What is needed:
From the data below, please reproduce exactly everything from the line that contains "g-arcからはスタンド式の" down to the line that contains "Matgrupp från Mio.", with both ends included.

Given records:
-------------------------

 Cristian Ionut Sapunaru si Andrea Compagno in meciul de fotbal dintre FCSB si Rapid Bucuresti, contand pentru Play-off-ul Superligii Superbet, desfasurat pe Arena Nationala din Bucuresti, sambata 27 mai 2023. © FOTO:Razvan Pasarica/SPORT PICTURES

-------------------------

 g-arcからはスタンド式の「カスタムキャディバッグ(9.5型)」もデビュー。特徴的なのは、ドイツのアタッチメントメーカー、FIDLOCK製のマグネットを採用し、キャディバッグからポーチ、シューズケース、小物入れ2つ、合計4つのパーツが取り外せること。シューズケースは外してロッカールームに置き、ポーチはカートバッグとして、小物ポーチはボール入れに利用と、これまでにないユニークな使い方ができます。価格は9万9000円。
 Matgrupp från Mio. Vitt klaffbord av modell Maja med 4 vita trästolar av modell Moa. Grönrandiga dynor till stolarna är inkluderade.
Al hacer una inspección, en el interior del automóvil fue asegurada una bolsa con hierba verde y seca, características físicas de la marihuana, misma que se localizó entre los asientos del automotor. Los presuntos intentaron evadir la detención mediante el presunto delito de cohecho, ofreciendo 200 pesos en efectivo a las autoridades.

-------------------------

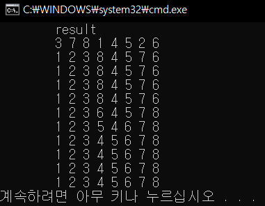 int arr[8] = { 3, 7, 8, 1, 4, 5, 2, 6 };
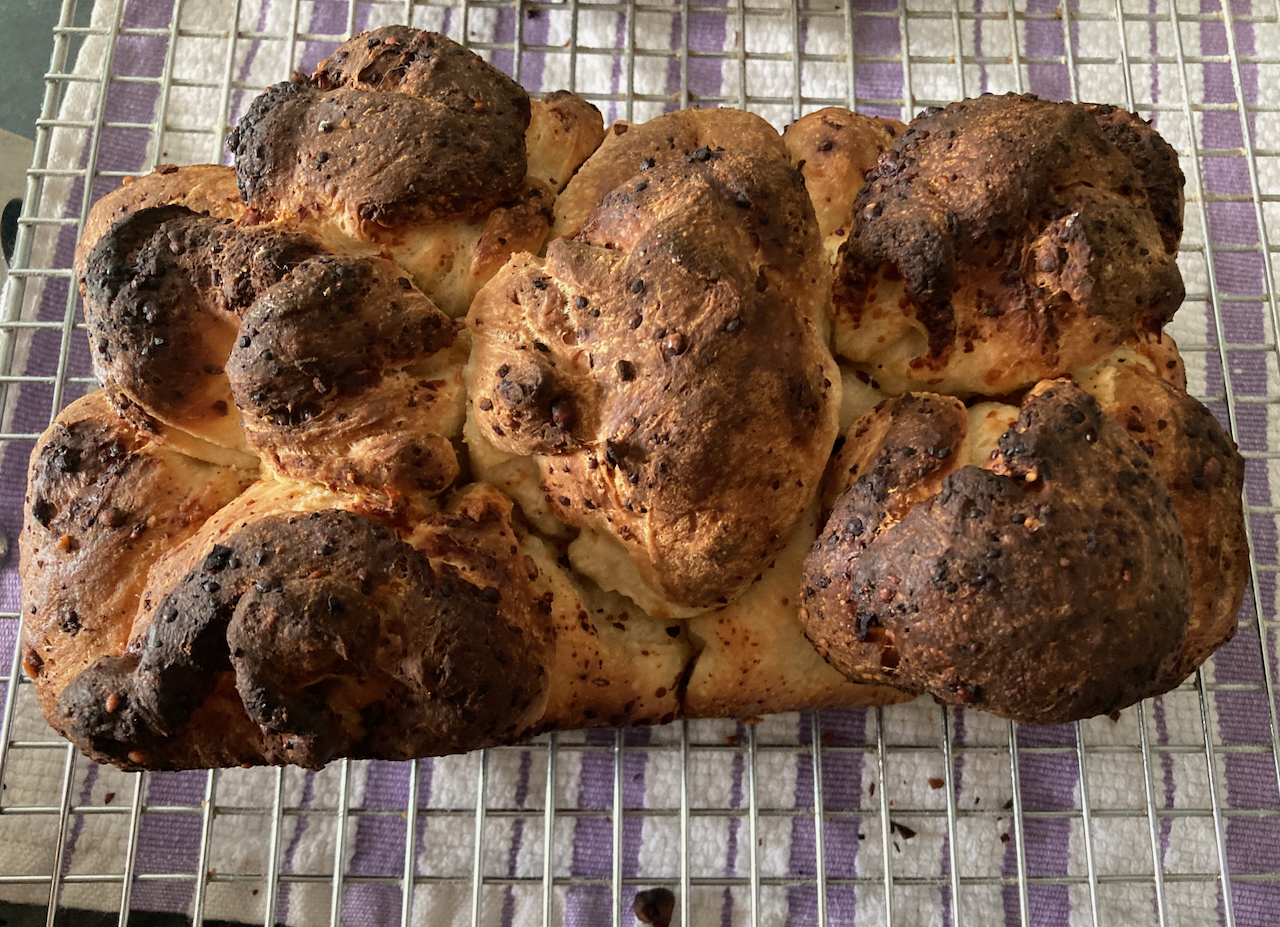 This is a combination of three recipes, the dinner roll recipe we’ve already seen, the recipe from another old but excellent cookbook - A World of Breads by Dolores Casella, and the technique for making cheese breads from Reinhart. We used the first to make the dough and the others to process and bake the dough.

-------------------------

Answer to the problem:
 g-arcからはスタンド式の「カスタムキャディバッグ(9.5型)」もデビュー。特徴的なのは、ドイツのアタッチメントメーカー、FIDLOCK製のマグネットを採用し、キャディバッグからポーチ、シューズケース、小物入れ2つ、合計4つのパーツが取り外せること。シューズケースは外してロッカールームに置き、ポーチはカートバッグとして、小物ポーチはボール入れに利用と、これまでにないユニークな使い方ができます。価格は9万9000円。
 Matgrupp från Mio. Vitt klaffbord av modell Maja med 4 vita trästolar av modell Moa. Grönrandiga dynor till stolarna är inkluderade.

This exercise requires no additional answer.